BEGIN
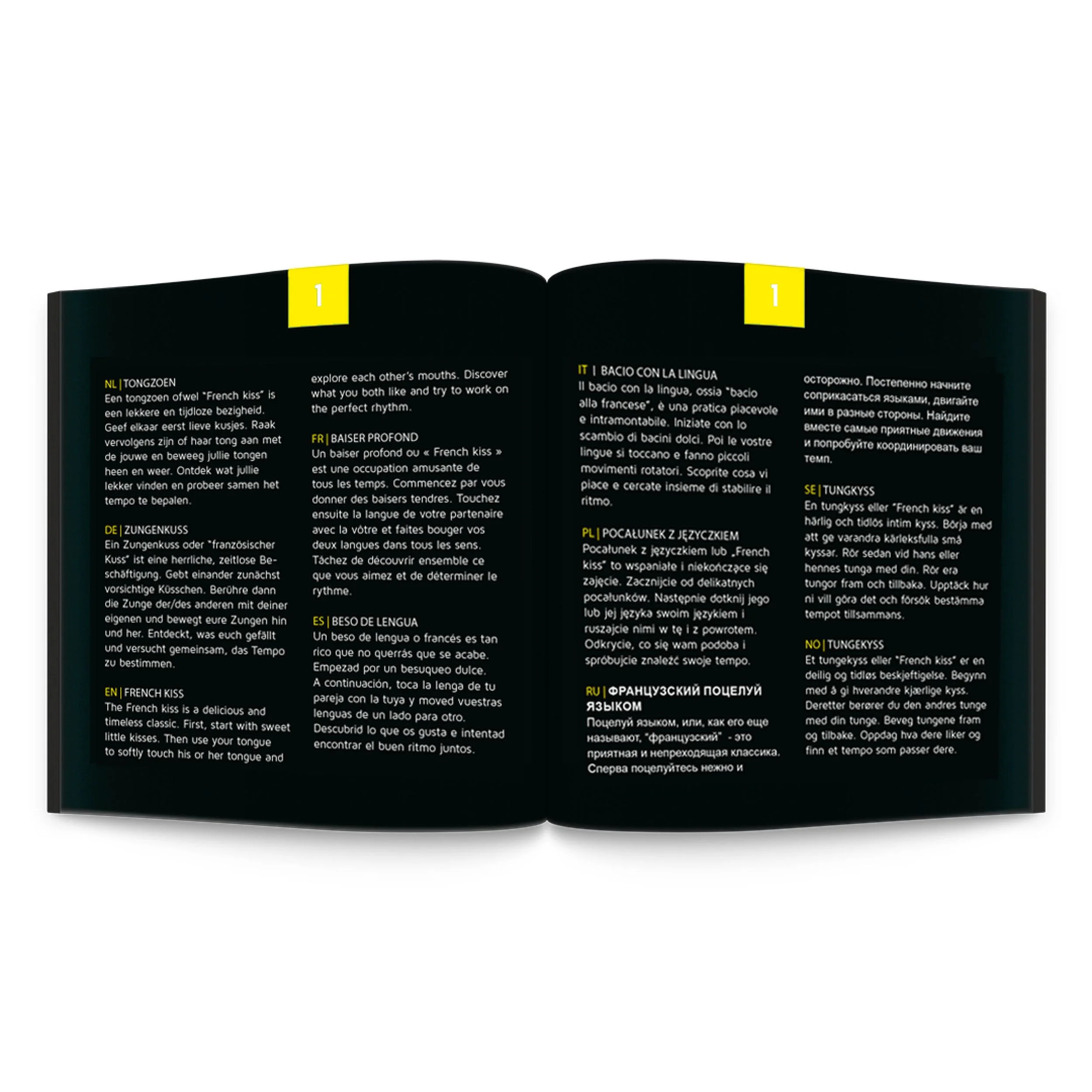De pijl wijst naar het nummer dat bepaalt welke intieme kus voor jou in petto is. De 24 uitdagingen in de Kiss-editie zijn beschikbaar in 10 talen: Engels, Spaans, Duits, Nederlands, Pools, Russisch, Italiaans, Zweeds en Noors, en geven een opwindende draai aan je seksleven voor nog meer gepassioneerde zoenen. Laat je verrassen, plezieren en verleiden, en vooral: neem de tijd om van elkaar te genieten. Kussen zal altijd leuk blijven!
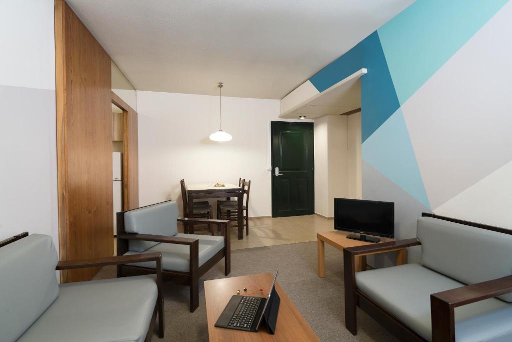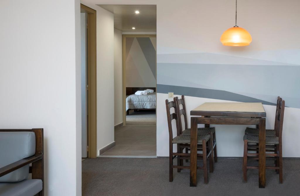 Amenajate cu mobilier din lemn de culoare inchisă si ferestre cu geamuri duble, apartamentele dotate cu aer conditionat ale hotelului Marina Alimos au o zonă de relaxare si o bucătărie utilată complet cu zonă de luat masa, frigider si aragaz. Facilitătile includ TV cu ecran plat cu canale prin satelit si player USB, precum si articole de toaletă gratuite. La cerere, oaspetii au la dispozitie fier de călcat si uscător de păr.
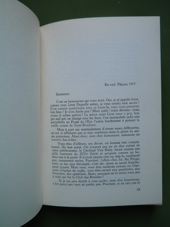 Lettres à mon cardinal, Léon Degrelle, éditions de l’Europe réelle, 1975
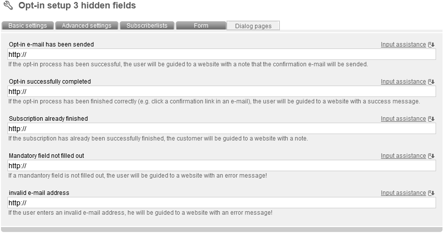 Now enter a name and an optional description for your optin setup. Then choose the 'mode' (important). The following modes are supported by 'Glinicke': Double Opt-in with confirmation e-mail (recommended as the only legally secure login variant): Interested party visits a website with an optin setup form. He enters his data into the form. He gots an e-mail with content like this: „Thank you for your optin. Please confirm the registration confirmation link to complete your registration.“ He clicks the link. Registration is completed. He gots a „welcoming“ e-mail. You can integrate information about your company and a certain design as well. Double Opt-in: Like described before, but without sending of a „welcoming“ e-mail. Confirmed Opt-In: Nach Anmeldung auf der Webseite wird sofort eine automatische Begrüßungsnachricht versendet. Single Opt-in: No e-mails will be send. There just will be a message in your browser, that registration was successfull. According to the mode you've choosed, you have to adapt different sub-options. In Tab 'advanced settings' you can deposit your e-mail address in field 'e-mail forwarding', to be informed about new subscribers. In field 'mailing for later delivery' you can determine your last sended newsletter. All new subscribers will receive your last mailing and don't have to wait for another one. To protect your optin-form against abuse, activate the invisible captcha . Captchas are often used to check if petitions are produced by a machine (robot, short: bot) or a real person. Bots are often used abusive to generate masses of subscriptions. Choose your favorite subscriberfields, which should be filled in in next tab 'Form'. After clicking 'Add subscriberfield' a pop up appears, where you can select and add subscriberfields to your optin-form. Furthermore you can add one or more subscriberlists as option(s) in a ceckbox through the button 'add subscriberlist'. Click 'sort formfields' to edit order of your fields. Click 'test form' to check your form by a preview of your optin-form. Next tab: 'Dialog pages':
END
BEGIN
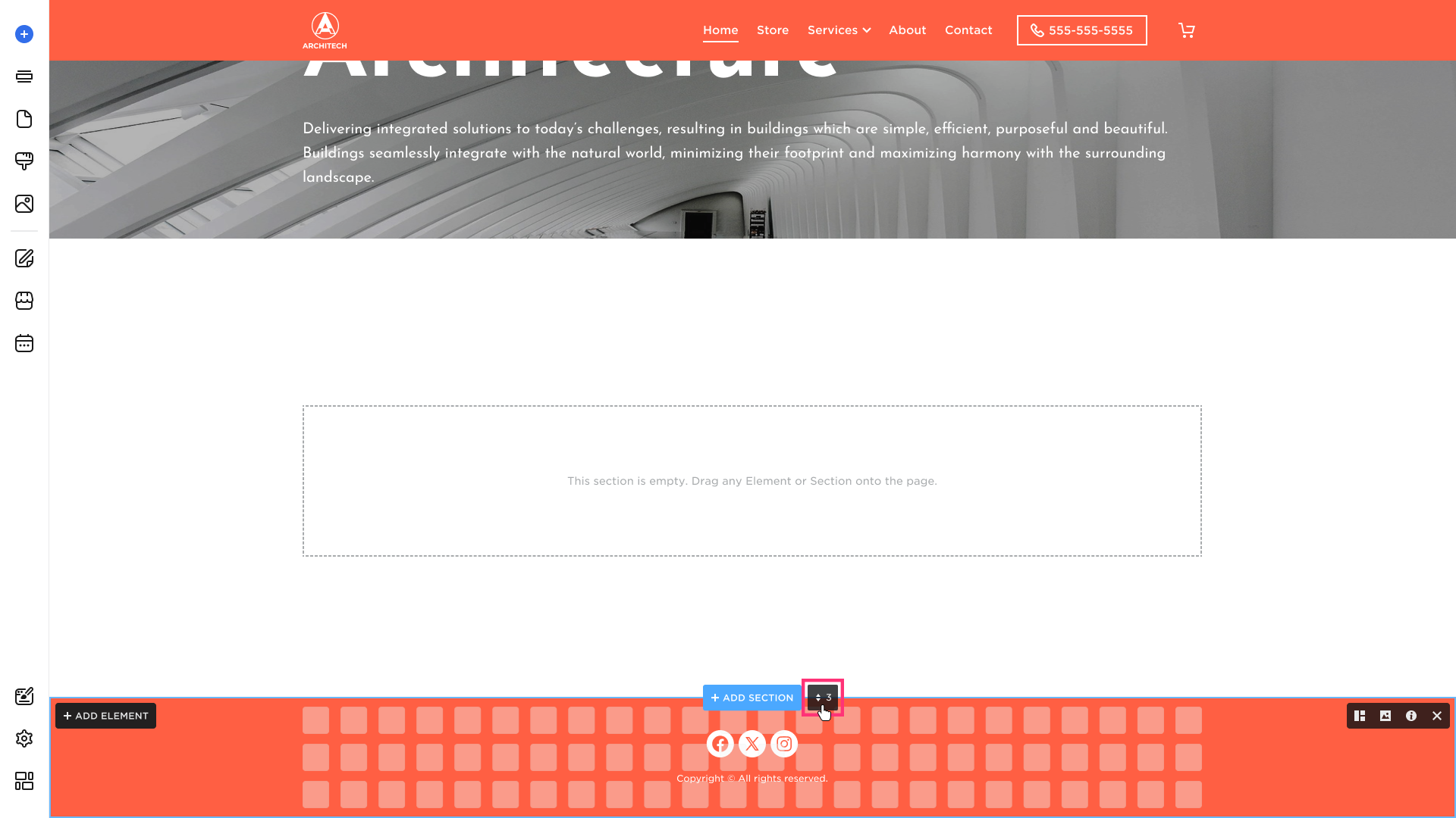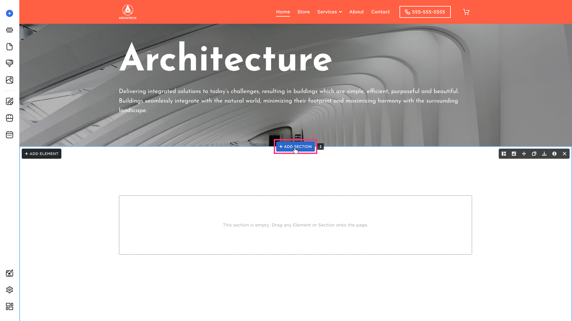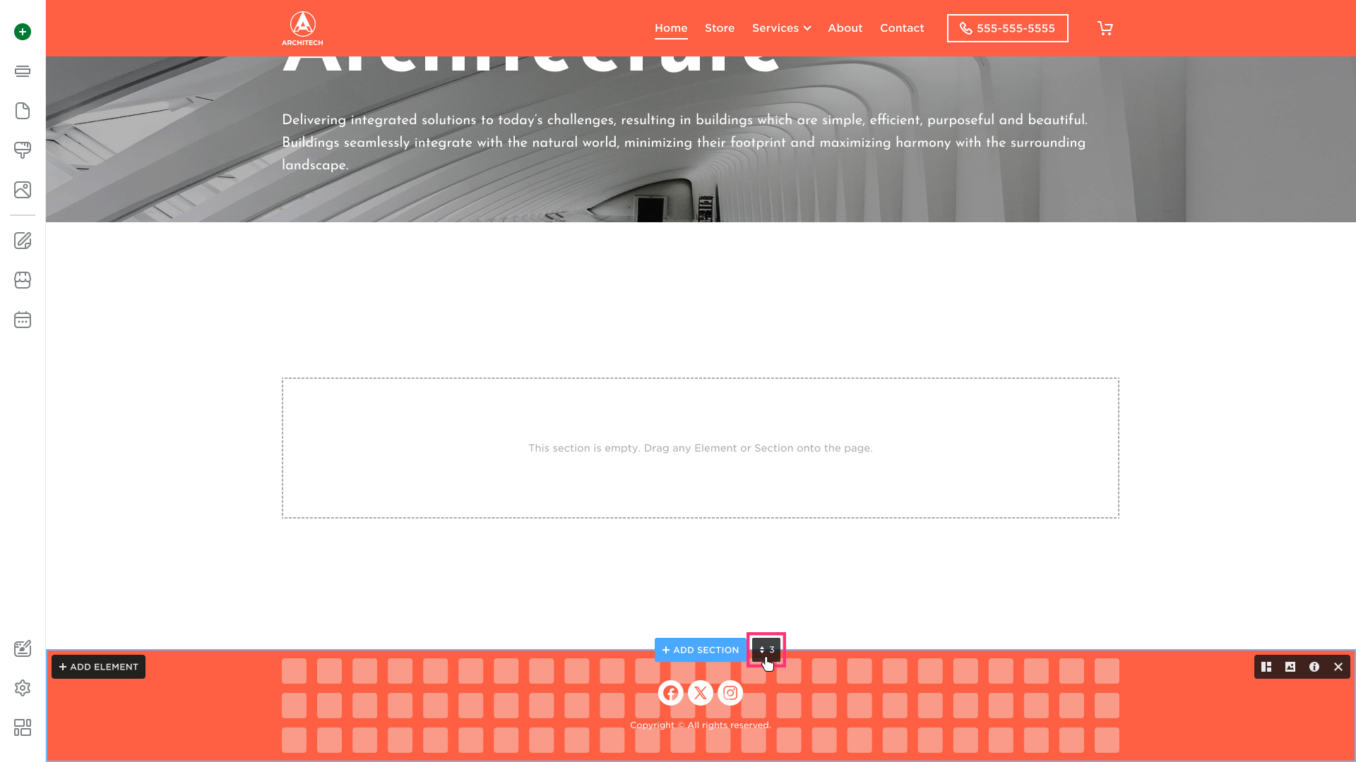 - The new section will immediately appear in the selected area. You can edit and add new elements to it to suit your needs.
END
BEGIN
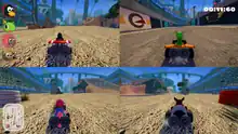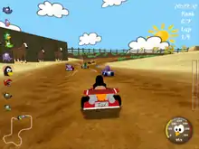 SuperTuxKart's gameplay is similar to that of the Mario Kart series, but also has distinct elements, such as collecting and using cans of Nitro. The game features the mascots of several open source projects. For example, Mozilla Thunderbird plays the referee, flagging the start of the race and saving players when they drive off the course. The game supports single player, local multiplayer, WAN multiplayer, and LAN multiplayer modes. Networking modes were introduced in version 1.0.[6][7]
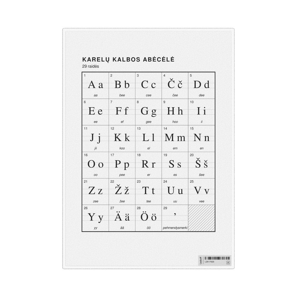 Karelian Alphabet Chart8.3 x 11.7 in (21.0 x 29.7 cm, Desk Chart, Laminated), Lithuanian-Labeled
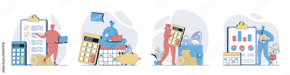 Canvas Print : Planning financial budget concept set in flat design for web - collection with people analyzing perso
END
* WORK TO COMPLETE
Return exactly the lines that appear in the data above between the line containing "SuperTuxKart's gameplay is" and the line containing "Canvas Print : Planning", both of which are included, and leave the pictures out.

* SOLUTION TO THIS TASK
 SuperTuxKart's gameplay is similar to that of the Mario Kart series, but also has distinct elements, such as collecting and using cans of Nitro. The game features the mascots of several open source projects. For example, Mozilla Thunderbird plays the referee, flagging the start of the race and saving players when they drive off the course. The game supports single player, local multiplayer, WAN multiplayer, and LAN multiplayer modes. Networking modes were introduced in version 1.0.[6][7]
 Karelian Alphabet Chart8.3 x 11.7 in (21.0 x 29.7 cm, Desk Chart, Laminated), Lithuanian-Labeled
 Canvas Print : Planning financial budget concept set in flat design for web - collection with people analyzing perso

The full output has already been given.